2 p.m., March 4, 2021
Thursday, March 4, 20212:00 p.m.Via Zoom Title: "Mobile Phones and Smallholder Farmers in Morocco: The Mobile Phone is Neither a Snowmobile nor a Truck" Abstract: Agricultural decisions on timely soil preparation and planting, irrigation and weeding, cultivating and harvesting, and storage and marketing have always been key concerns to farmers. The impacts of information and communication technologies in agriculture are not new, and many forms of local knowledge and technology are still central in managing agriculture.  Mobile phones, however, are speeding up ways in which farmers get, exchange, and manipulate information. They have reworked the ways farmers interact with rural and urban markets. Increasingly, mobile phones enable farmers to focus, search, and extract useful and up-to-date market information from social and business networks. In this paper, I examine how and to what effects mobile phones are used by smallholder farmers in Morocco. Second, I contend that the mobile phone is a tool of re-organizing production and marketing strategies, leading to higher farming revenues. Third, I claim that mobile phones have deepened and expanded market participation, resulting in intensive cultivation of “market-friendly” crops.

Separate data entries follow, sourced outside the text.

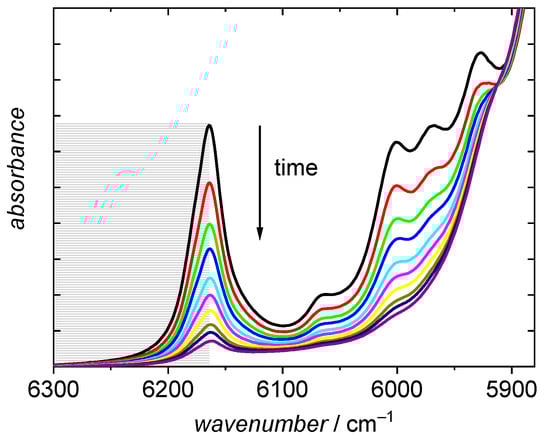 To estimate monomer conversion the absorption band at 6166 cm−1 [], which is assigned to the first overtone of the olefinic C-H stretching vibration, was employed. The half peak is integrated from the peak maximum at 6166 cm−1 to 6300 cm−1 using a horizontal baseline at the latter wavenumber as illustrated by the grey area in Figure 4. To minimize contributions from absorptions assigned to the saturated C-H stretching vibrations below 6166 cm−1 the half peak rather than the full peak is integrated. During polymerization the fraction of monomer is lowered and consequently, the peak intensity decreases.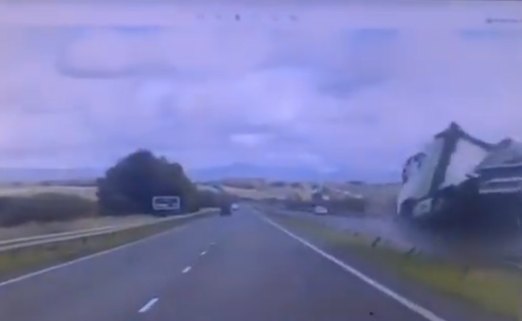 Watch: Video shows terrifying moment tanker flips over in face of oncoming traffic on Welsh road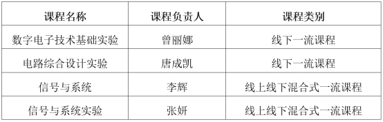 10月25日,学校教务处公布了2021年校级一流本科课程认定结果,我院共有4门课程入选,其中《数字电子技术基础实验》《电路综合设计实验》2门课程被认定为线下一流课程,《信号与系统》《信号与系统实验》2门课程被认定为线上线下混合式一流课程。
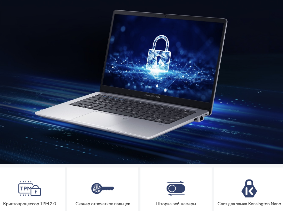 В ноутбуке ExpertBook P1 реализованы современные средства защиты конфиденциальных данных. Прошивка BIOS соответствует стандарту NIST SP 800-155. Аппаратный TPM-чип6 версии 2.0 служит для защищенного хранения аутентификационной информации (паролей и шифровальных ключей), которая используется приложениями при обращении с конфиденциальными данными и проведении транзакций. Веб-камера снабжена специальной шторкой, а для быстрой и безопасной аутентификации имеется сканер отпечатков пальцев.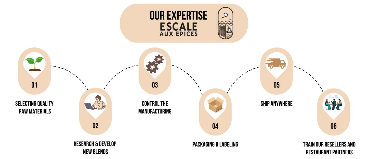 With Escale Aux Épices, we make sure that our raw materials come from quality sources, from small producers with as few intermediaries as possible. We attach great importance to our assembly process to best meet the needs of our professional customers, reseller partners or restaurant owners.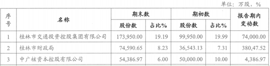 截至2022年末,桂林银行的前三大股东分别是,桂林市交通投资控股集团有限公司(以下简称“桂林交通投资”)、桂林市财政局、中广核资本控股有限公司(以下简称“中广核资本”),持股比例分别为19.19%、8.23%、6%,前10大股东合计占比达到55.73%。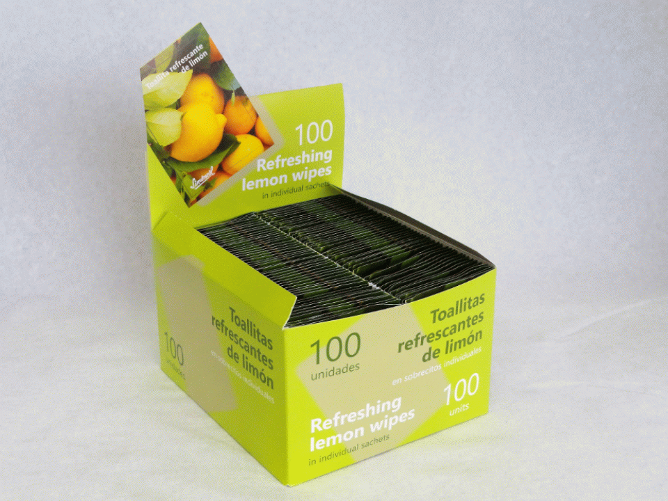 Entre nuestra gama de productos destacan las toallitas refrescantes, disponibles en una amplia variedad de aromas: limón, lavanda, aroma refrescante, aloe vera, etc.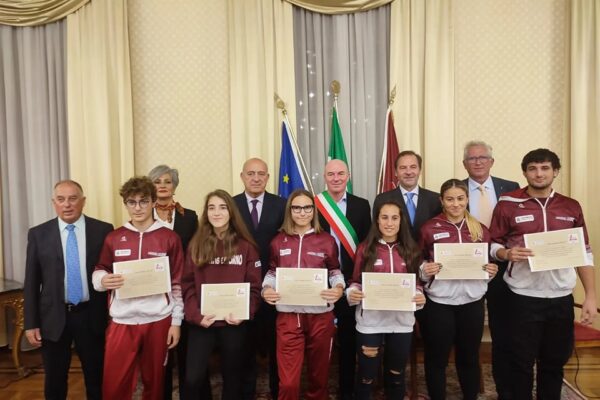 Cerimonia in Comune alla presenza del primo cittadino Salvetti, del Prefetto D’Attilio, della rappresentante del Miur Fabiani, del presidente della Federazione di atletica leggera Mei oltre al presidente della società amaranto Giannone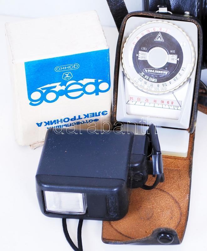 Photo camera in original case, flash and light meter

Fourth, I argue that mobile phones have enabled farmers to take risks more easily than before, creating a spirit of risk taking.  Fourth, I contend that mobile phone use for market information search has led to the flattening of information asymmetry between farmers and footloose middlemen.  Finally, I discuss the ways in which mobile phones are different from “old” technologies such as snowmobiles and trucks in the development space. Hsain Ilahiane, Professor and HeadDepartment of Anthropology and Middle Eastern CulturesMississippi State University FREE AND OPEN TO THE PUBLIC For more information, contact: Dr. Mamadou Baro ( baro@arizona.edu)or Catherine Lehman (cml@arizona.edu)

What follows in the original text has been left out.